There is no approved drugs or vaccines for treatment of COVID-19. Some of the drugs under investigation are not direct antivirals but reduce the complications of COVID-19 such as pneumonia. Several antiviral drugs approved for other viral diseases have proved useful in the management of COVID-19 and are being repositioned to undergo clinical trials for COVID-19. By August 2020, there were >300 legitimate drug and vaccine COVID-19 candidates listed: https://www. genengnews.com/covid-19-candidates/covid-19-drug-and-vaccine-tracker/. The two most publicized repurposed drugs being tested in clinical trials for the current COVID-19 pandemic are hydroxychloroquine and remdesivir.

In addition to the use of drugs that were discovered for other viral diseases, considerable efforts are being made to develop active substances against SARS-CoV-2. The structural analysis of functional proteins of the virus is very helpful for this goal. The function of a protein is closely related to its 3D architecture, which could be helpful for identification of specific targets for active substances. A special protein, the viral main protease (M pro, 3CL pro ), is responsible for the reproduction of the viruses, because of its essential role in processing the polyproteins that are translated from the viral RNA. The X-ray structures of the unliganded SARS-CoV-2 Mpro and its complex with an α-ketoamide inhibitor has been reported . This was derived from a previously designed inhibitor but with the P3-P2 amide bond incorporated into a pyridone ring to enhance the half-life of the compound in plasma. Based on the structure, the authors developed the lead compound SARS-CoV-2 Mpro. Pharmacokinetic characterization of the optimized inhibitor reveals a pronounced lung tropism and suitability for administration by the inhalation.

Safety and effectiveness of intravenous allogeneic cardiosphere-derived cells (CDCs), formulated as CAP-1002, has been studied in critically ill patients with confirmed COVID-19 (Singh et al. 2020) . CDCs display immunomodulatory and antiinflammatory effects insevere COVID-19 with cytokine storm.

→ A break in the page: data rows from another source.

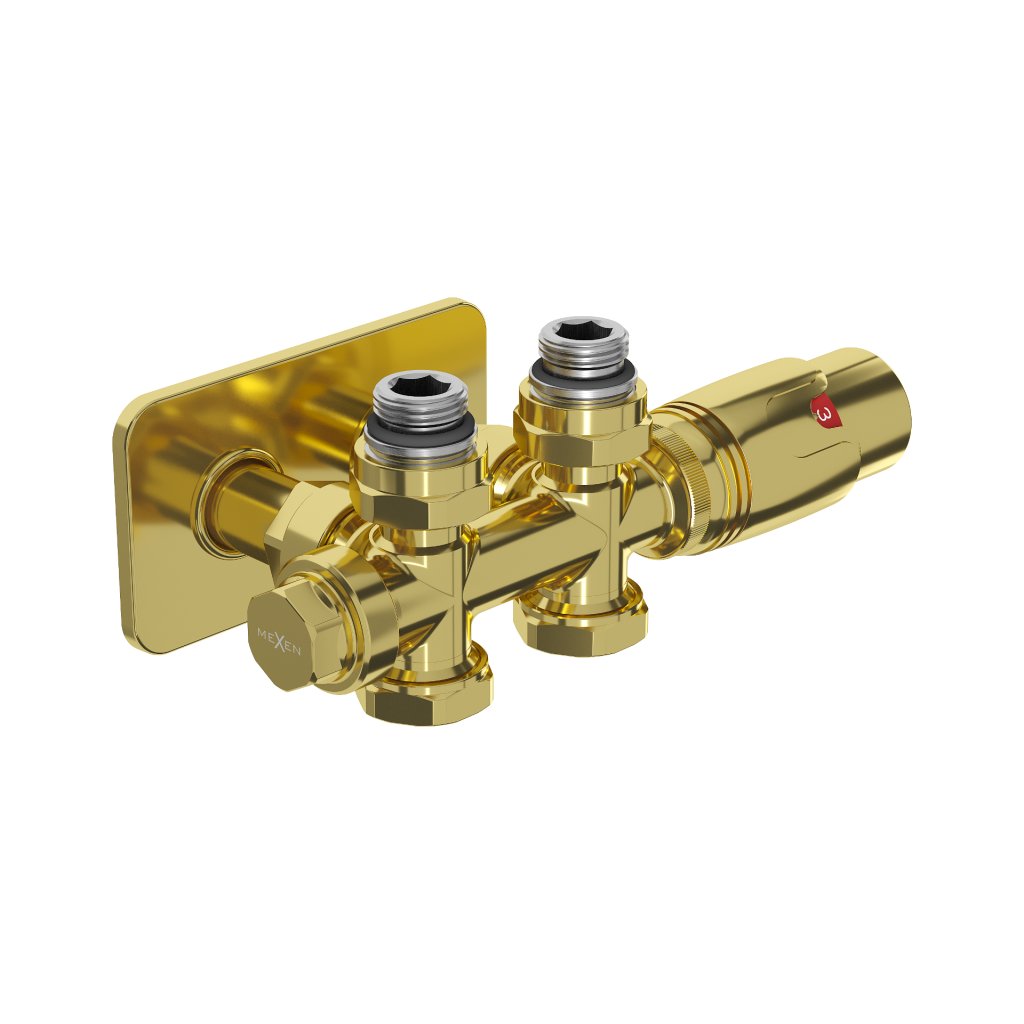 Mexen G00, termostatická souprava Duplex s hranatou krytkou, úhlové/rovné připojení DN50, zlatá lesklá, W908-900-910-50
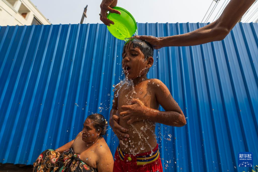 4月4日,在缅甸曼德勒皇宫附近的一处安置点,一名儿童冲凉。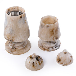 طقم مبخر أنيق من الراتنج مكون من قطعتين مع غطاء - عنبر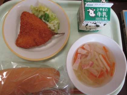 今日の献立は、コッペパン、牛乳、あじフライ、アスパラサラダ、ポテトスープです。大きなあじフライでした。

RNA-targeting CRISPR systems can be effective in targeting RNA viruses such as the coronaviruses or influenza viruses. To improve the targeting of an RNA-targeting CRISPR system, the enzyme Cas13 is used to complex with guide RNA, which binds to complementary mRNA. The better the match between the guide RNA and the mRNA, the more effective the Cas13's gene silencing action will be. A platform for conducting massively parallel genetic screens at the RNA level in human cells has been engineered and the screening technology can be used to understand many aspects of RNA regulation and to identify the function of ncRNAs (Wessels et al. 2020 ). By targeting thousands of different sites in human RNA transcripts, the researchers developed a machine learning-based predictive model to expedite identification of the most effective Cas13 guide RNAs.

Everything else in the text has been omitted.